There is material evidence that defendant discriminated against plaintiff on the basis of sex, and retaliated for her filing an EEOC charge.

Both the Tennessee Human Rights Act, Tennessee Code Annotated § 4-21-401, and the Equal Pay Act, 29 U.S.C. § 206(d)(1) prohibit sexual discrimination in employment. The Tennessee Human Rights Act provides in pertinent part:

“4-21-401. Employer Practices. — (a) It is a discriminatory practice for an employer:
(1) To fail or refuse to hire or discharge any person or otherwise to discriminate against an individual with respect to compensation, terms, conditions or privileges of employment because of such individual’s race, creed, color, religion, sex, age or national origin; ...”

The Equal Pay Act provides:

[151]*151“Prohibition of sex discrimination
(d)(1) No employer having employees subject to any provisions of this section shall discriminate, within any establishment in which such employees are employed, between employees on the basis of sex by paying wages to employees in such establishment at a rate less than the rate at which he pays wages to employees of the opposite sex in such establishment for equal work on jobs the performance of which requires equal skill, effort, and responsibility, and which are performed under similar working conditions, except where such payment is made pursuant to (i) a seniority system; (ii) a merit system; (iii) a system which measures earnings by quantity or quality of production; or (iv) a differential based on any other factor other than sex: Provided, That an employer who is paying a wage rate differential in violation of this subsection shall not, in order to comply with the provisions of this subsection, reduce the wage rate of any employee.”

The U.S. Sixth Circuit Court has long applied the Title VII discrimination analysis to claims arising under the Equal Pay Act. See Korte v. Diemer, 909 F.2d 954, 957 (6th Cir.1990) citing Odomes v. Nucare, Inc., 653 F.2d 246 (6th Cir.1981). Initially, plaintiff must establish the employer pays different wages to employees of the opposite sex for comparable jobs. The burden then shifts to the employer to show that the differential is justified under one of the Act’s four exemptions, 909 F.2d at 957, citing Corning Glass Works v. Brennan, 417 U.S. 188, 195, 94 S.Ct. 2223, 2228, 41 L.Ed.2d 1 (1974).

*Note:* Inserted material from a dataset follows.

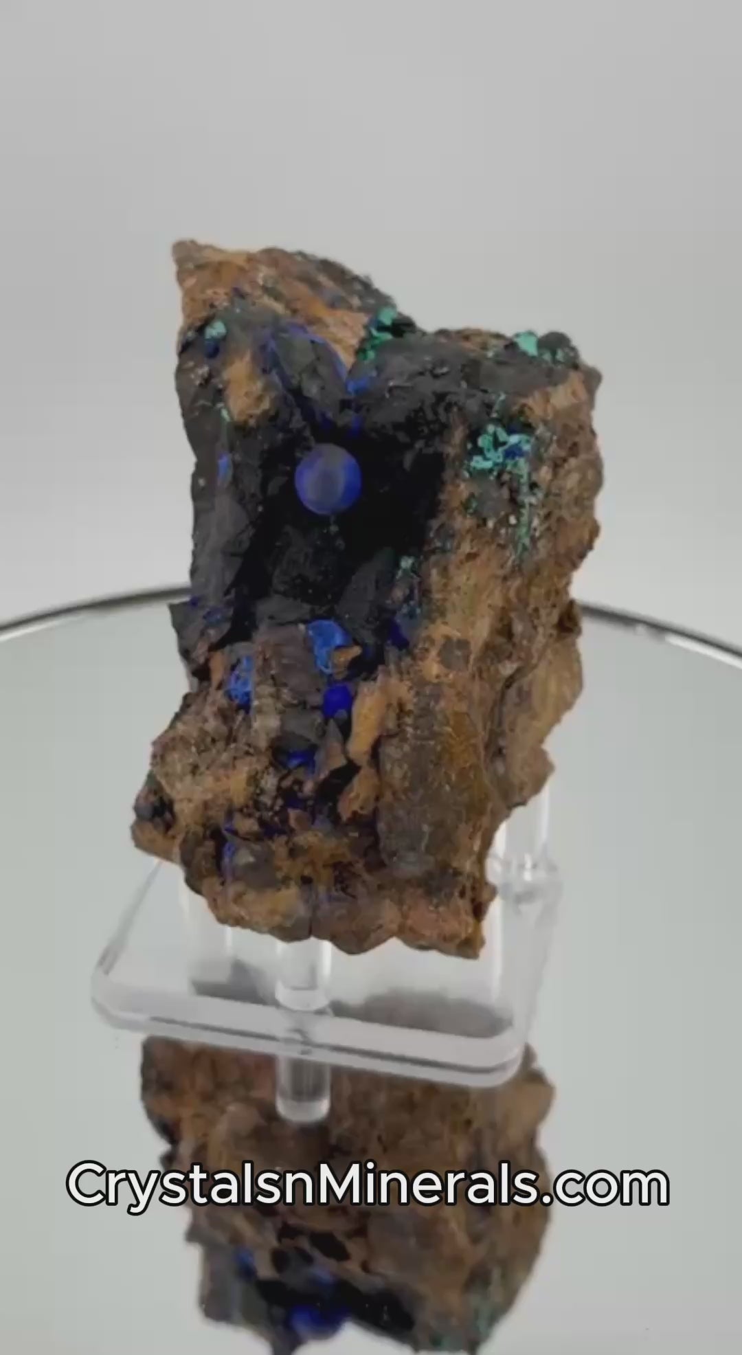 • Farbe: Kobaltblau, azurblau (Azurit), türkisgrün (Malachit), rostbraun, orange (Oxidationszonen), schwarz (Matrix)

In this case, the employer argues there is no material evidence to support the verdict and that its management by objective (MBO) system evaluation was based strictly on merit.

It is not seriously contended that plaintiff did not make out a prima facie case, because Skillington, the male employee who did comparable work, earned more money and received promotion in the year he was eligible. The focal point is whether defendant’s failure to promote plaintiff was based on lack of merit or on the basis of her sex. The material evidence supporting the jury’s verdict is that plaintiff’s MBO scores were adjusted downward without her knowledge after she had signed off on them, but before they were submitted to the Dean who had ultimate authority to make pay and promotion decisions about extension agents. Since the Dean did not know plaintiff personally, he had no way of knowing whether the scores appeared unreasonably low, but defendant places much emphasis on the objectivity of the MBO score in its argument. However, it is the way scores were calculated that cast doubt about whether the scores reflected plaintiff’s performance. The MBO scores fall between 1 and 5, and newcomers typically receive average rating in the 3 range. Agents who aspire to promotions earn ratings in the 4 range and no agent can receive more than a 5. In plaintiff’s case, her early years’ scoring was in the 3 range, but beginning in 1984 her original MBO scores were 4s. However, unknown to her, they were adjusted downward to 3.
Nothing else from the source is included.